**WHAT TO PRODUCE:** The data below contains pictures, which are to be skipped; the lines starting at the line with "LG's Passive Glasses" and ending at the line with "Targus, ASP86CCLGL, Defcon" are to be output exactly, both ends included.
(DATA TO USE Opens)
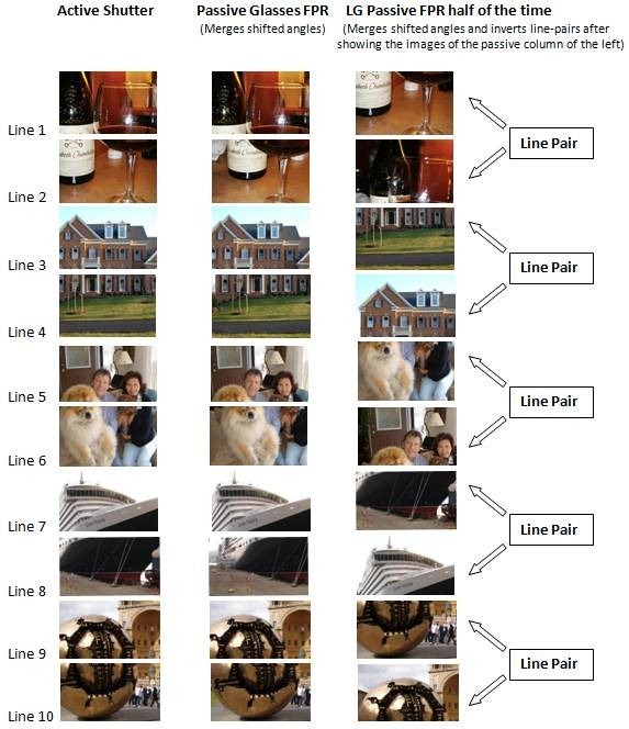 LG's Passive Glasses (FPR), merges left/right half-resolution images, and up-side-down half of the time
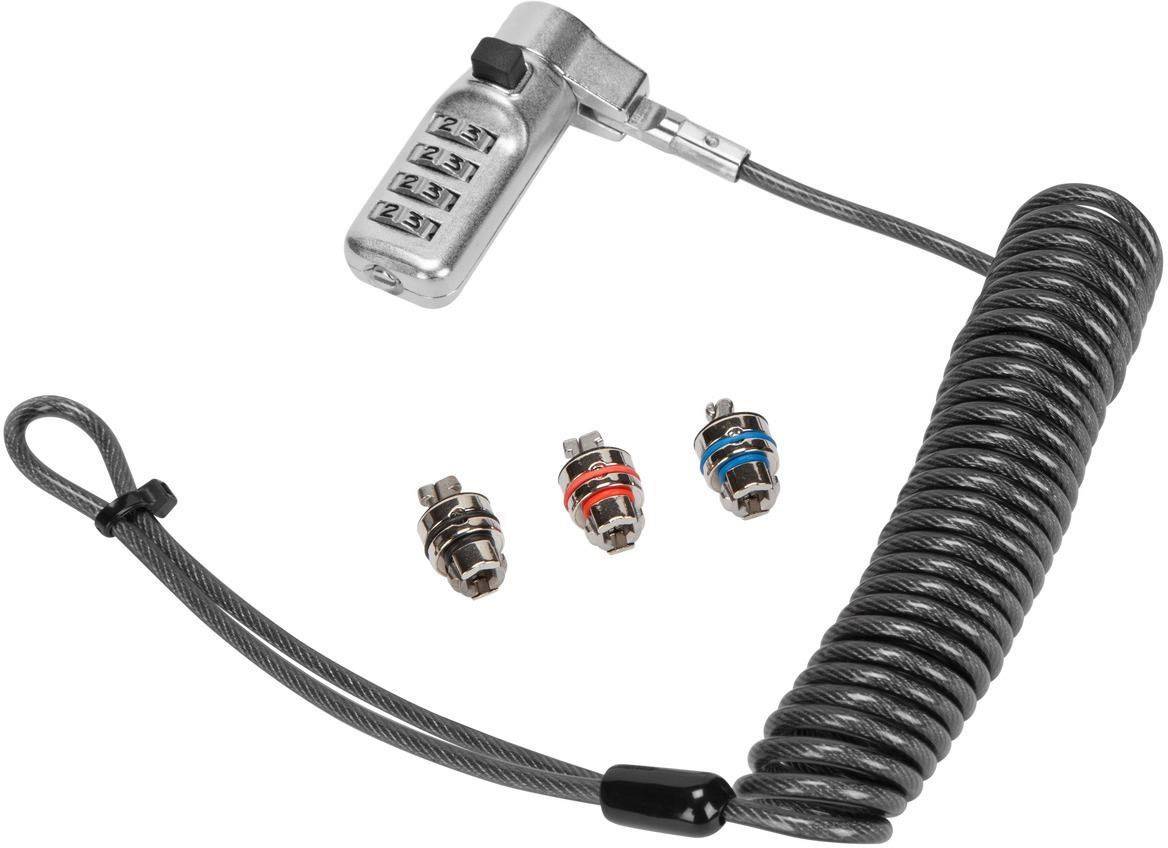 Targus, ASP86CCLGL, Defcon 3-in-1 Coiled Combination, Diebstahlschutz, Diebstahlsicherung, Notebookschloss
(DATA TO USE Closes)
(DATA TO USE Opens)
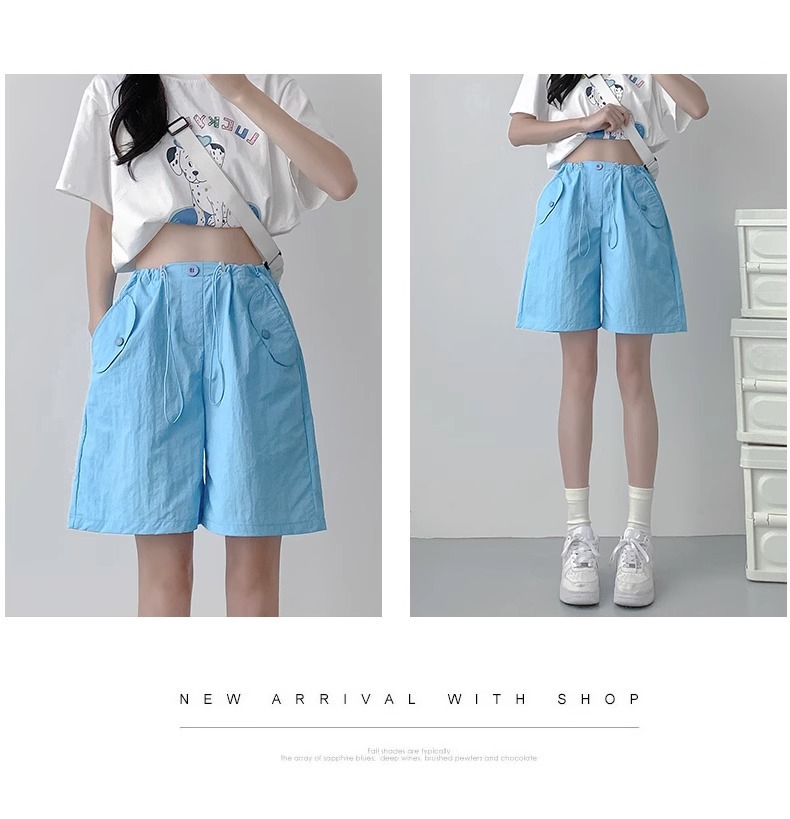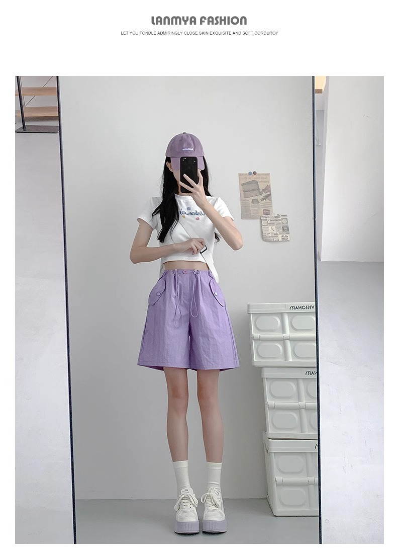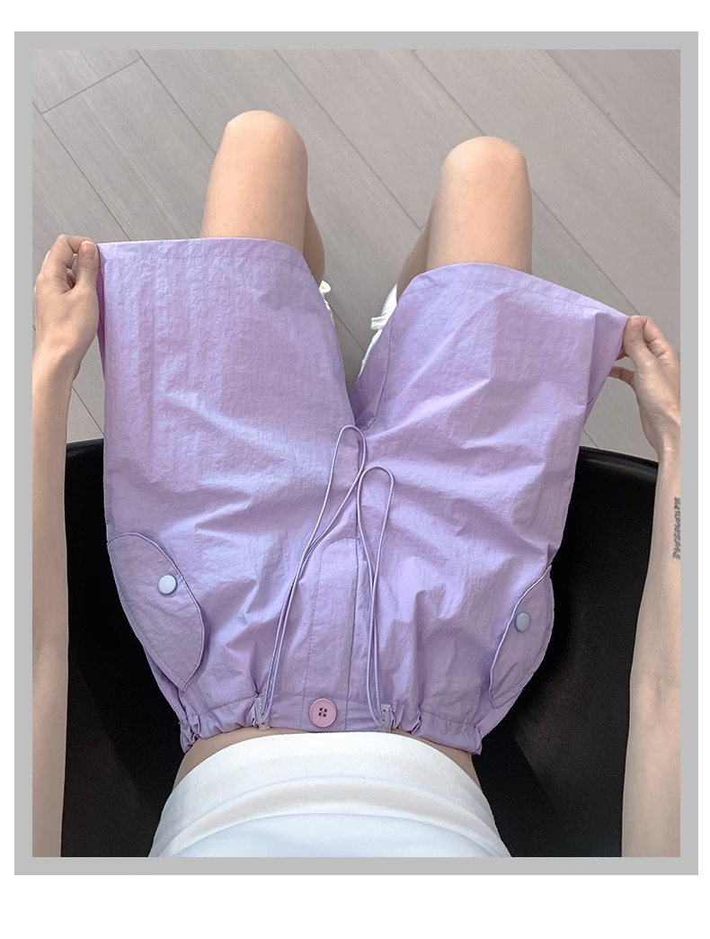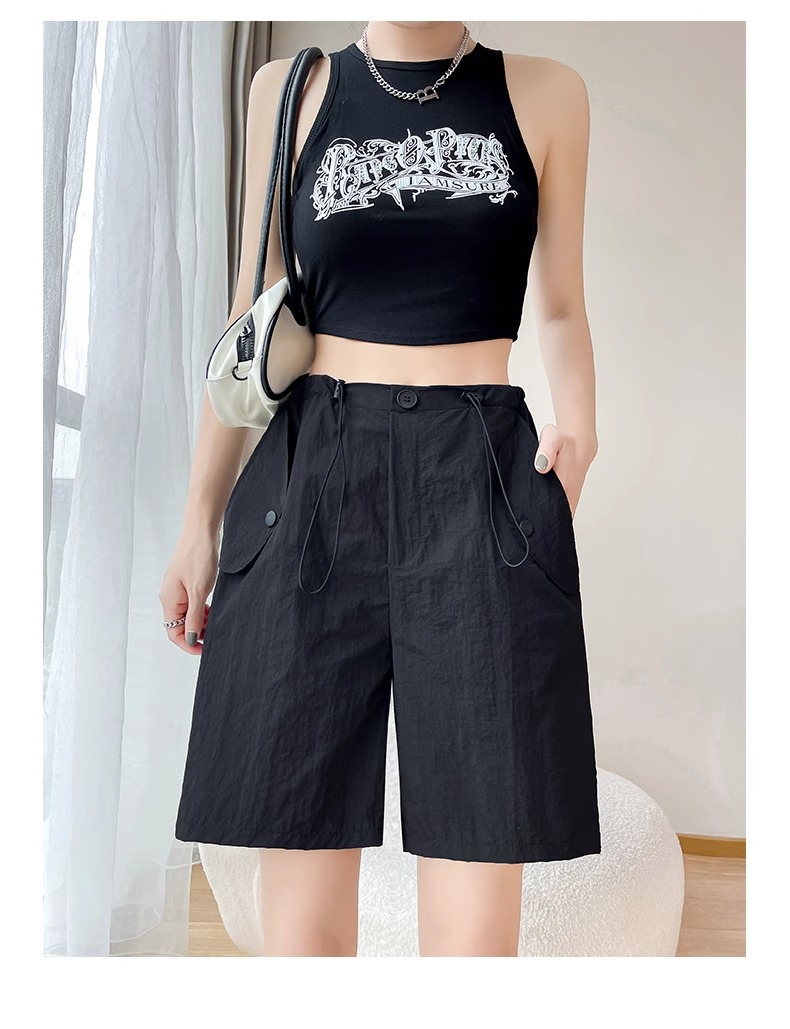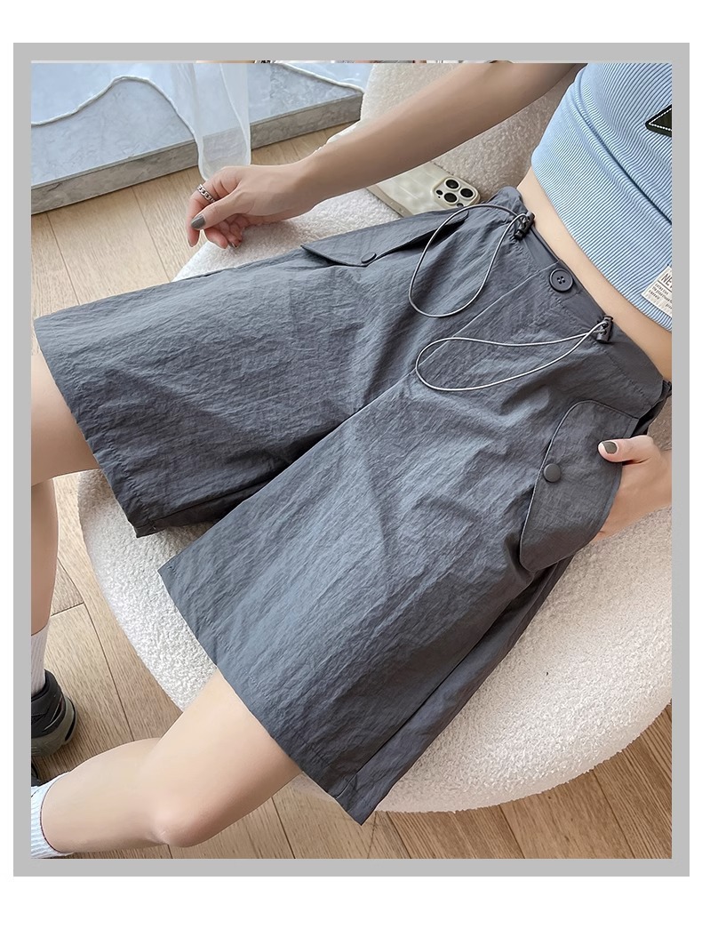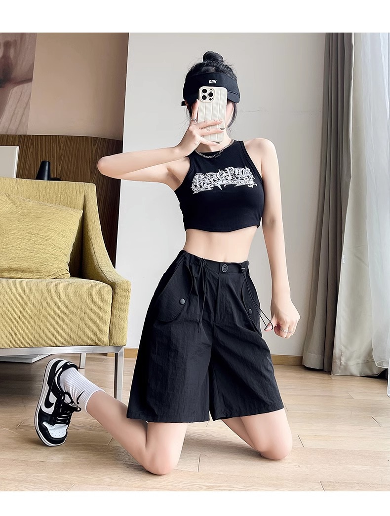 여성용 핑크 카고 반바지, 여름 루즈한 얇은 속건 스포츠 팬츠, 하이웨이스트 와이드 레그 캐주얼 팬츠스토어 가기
(DATA TO USE Closes)
**EXPECTED ANSWER:**
 LG's Passive Glasses (FPR), merges left/right half-resolution images, and up-side-down half of the time
 Targus, ASP86CCLGL, Defcon 3-in-1 Coiled Combination, Diebstahlschutz, Diebstahlsicherung, Notebookschloss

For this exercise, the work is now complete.